What to do => The entries below are to be repeated exactly, and their pictures left out.

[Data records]
....................

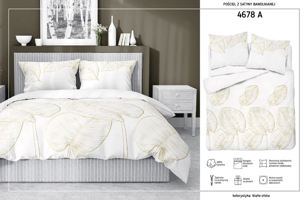 Tkanina stosowana do produkcji kompletów pościeli wykonana jest z wysokiej jakości przędz, co w połączeniu z nowoczesnym wzornictwem i odpowiednio nasyconą kolorystyką, daje produkt o bardzo wysokiej jakości. Interesujące nadruki idealnie wkomponują się w każde wnętrze.  Miękki materiał satyny bawełnianej gwarantuje odprężenie i wypoczynek w trakcie snu.
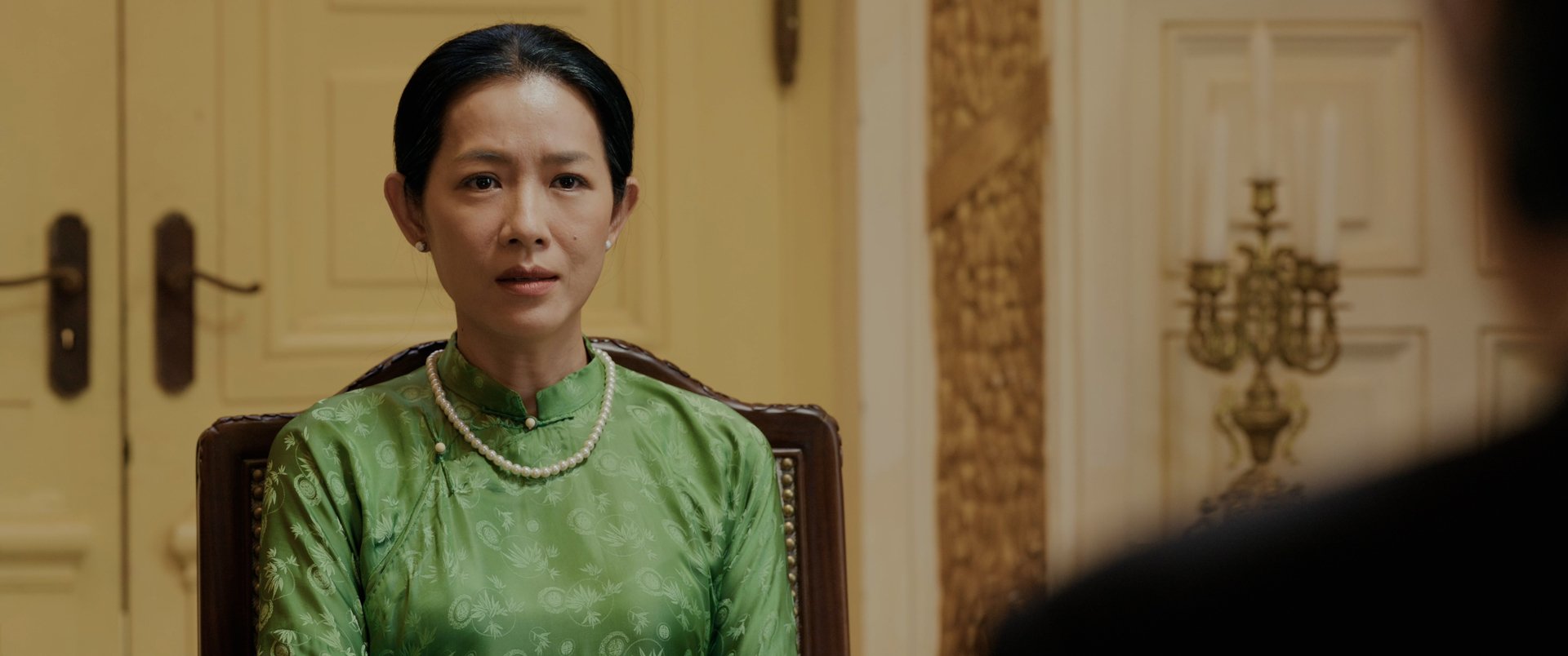 Nhân vật không được nêu tên cụ thể nhưng vẻ đẹp và phong thái, sự điềm tĩnh dễ khiến khán giả liên tưởng đến nguyên Phó Chủ tịch nước Nguyễn Thị Bình.
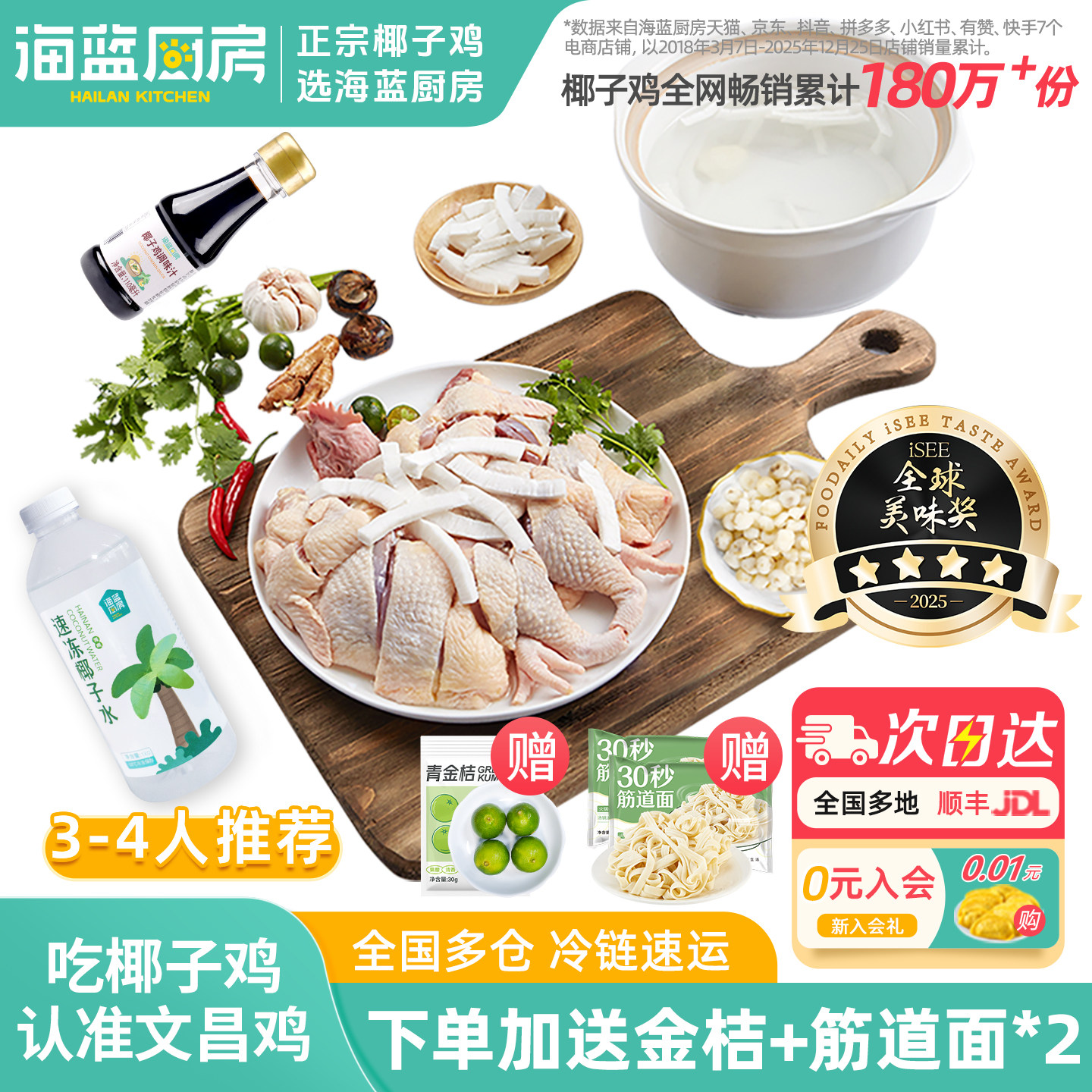 海蓝厨房海南椰子鸡全套餐火锅食材新鲜正宗文昌鸡母鸡散养土鸡肉
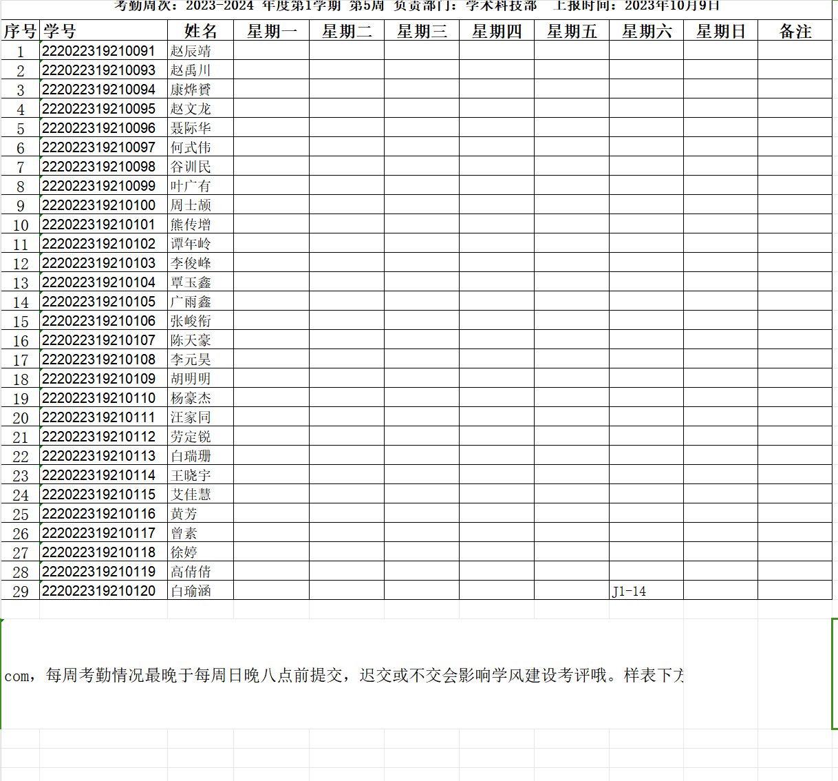 22级四班第五周考勤表
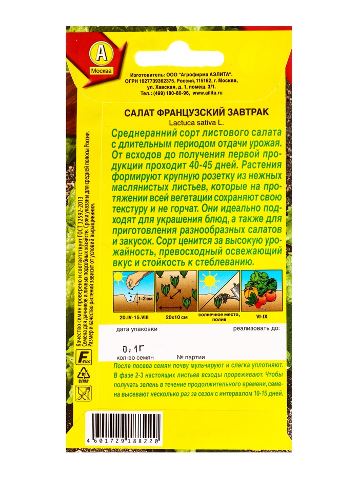 Семена Салат Французский завтрак, Ц/П,0,1 г (комплект 3 шт)
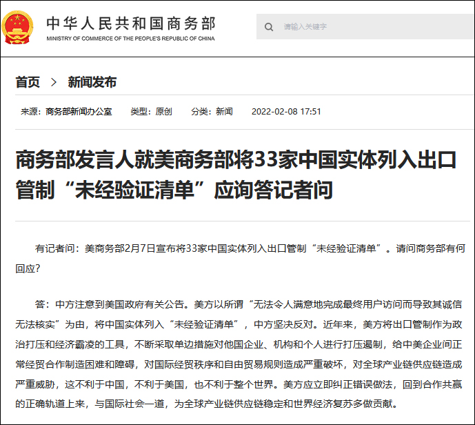 美商務部將33家中國實體列入出口管制“未經驗證清單”,中方回應分享到:
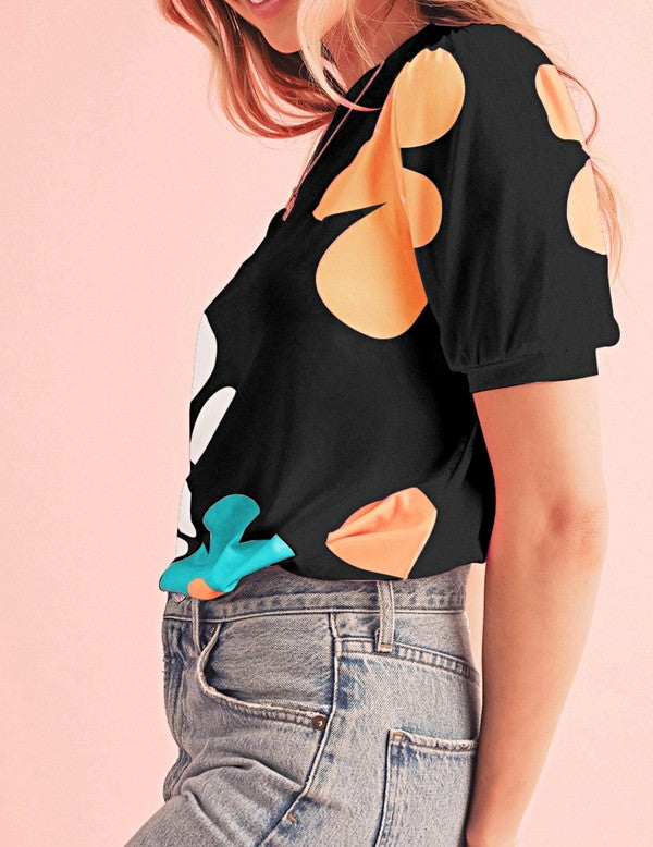 Colorful Flower Print Bubble Sleeve Tee Top
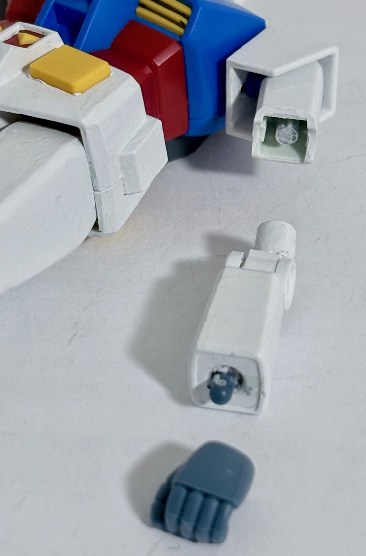 腕は前回同様に二の腕にジョイントキャッチャーを設けて可動できるようにして、手首はロボット魂のジョイントパーツを使用。
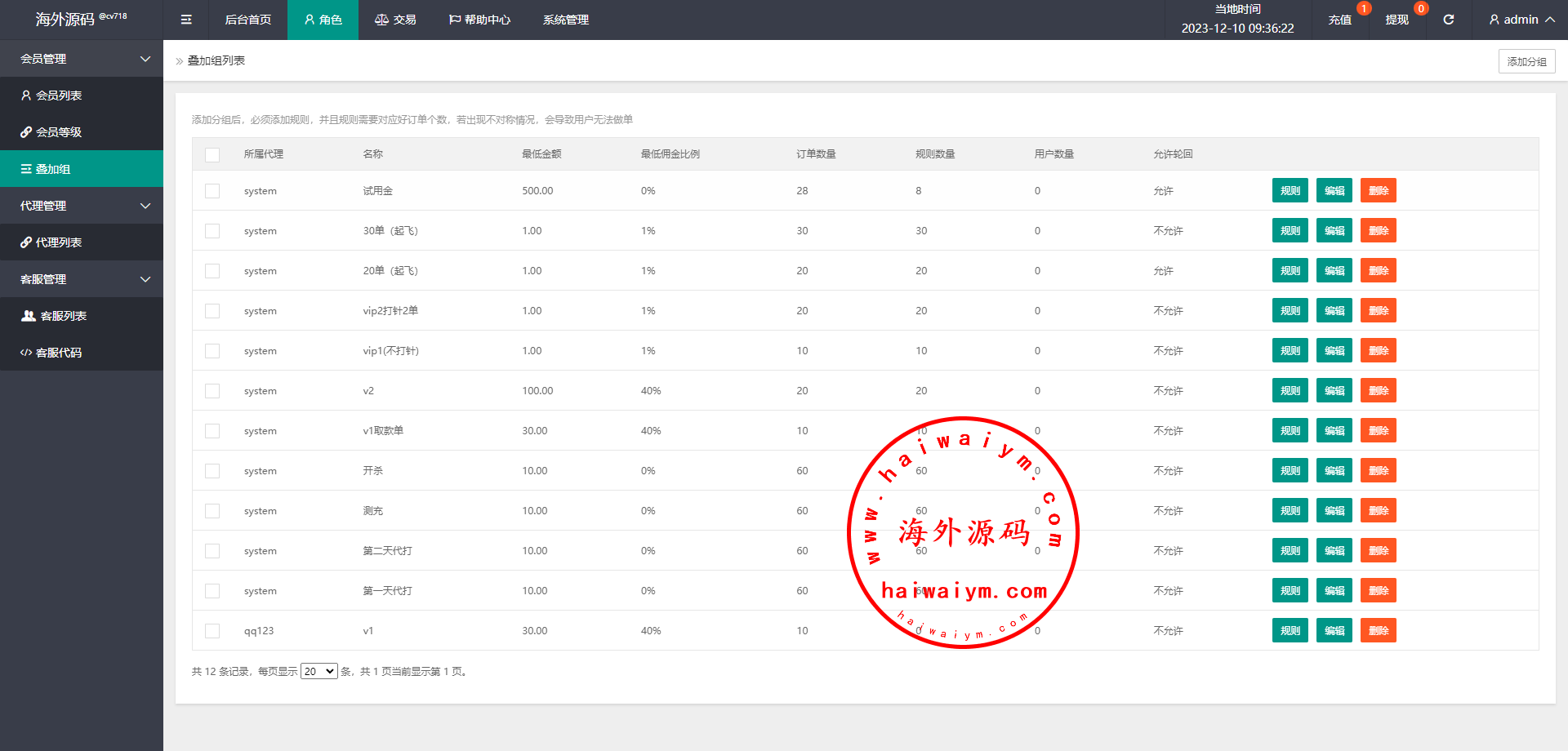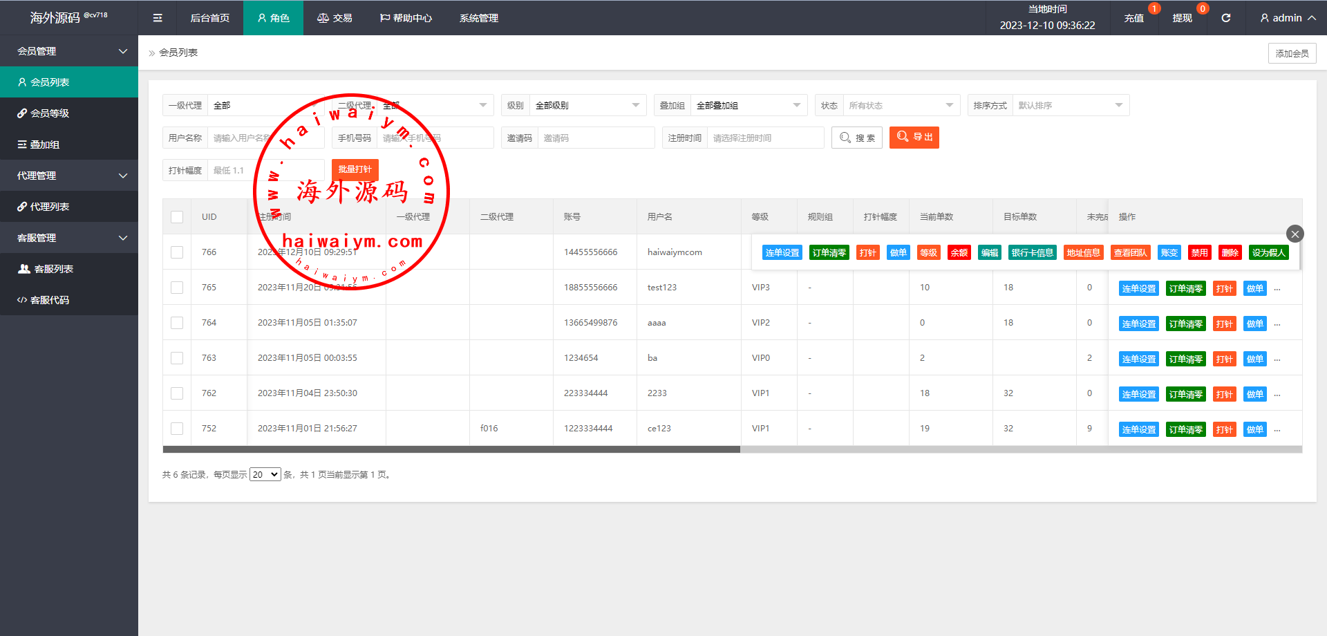 系统支持连单卡单、叠加租、打针、权限代理等功能

....................

Answer box =>
 Tkanina stosowana do produkcji kompletów pościeli wykonana jest z wysokiej jakości przędz, co w połączeniu z nowoczesnym wzornictwem i odpowiednio nasyconą kolorystyką, daje produkt o bardzo wysokiej jakości. Interesujące nadruki idealnie wkomponują się w każde wnętrze.  Miękki materiał satyny bawełnianej gwarantuje odprężenie i wypoczynek w trakcie snu.
 Nhân vật không được nêu tên cụ thể nhưng vẻ đẹp và phong thái, sự điềm tĩnh dễ khiến khán giả liên tưởng đến nguyên Phó Chủ tịch nước Nguyễn Thị Bình.
 海蓝厨房海南椰子鸡全套餐火锅食材新鲜正宗文昌鸡母鸡散养土鸡肉
 22级四班第五周考勤表
 Семена Салат Французский завтрак, Ц/П,0,1 г (комплект 3 шт)
 美商務部將33家中國實體列入出口管制“未經驗證清單”,中方回應分享到:
 Colorful Flower Print Bubble Sleeve Tee Top
 腕は前回同様に二の腕にジョイントキャッチャーを設けて可動できるようにして、手首はロボット魂のジョイントパーツを使用。
 系统支持连单卡单、叠加租、打针、权限代理等功能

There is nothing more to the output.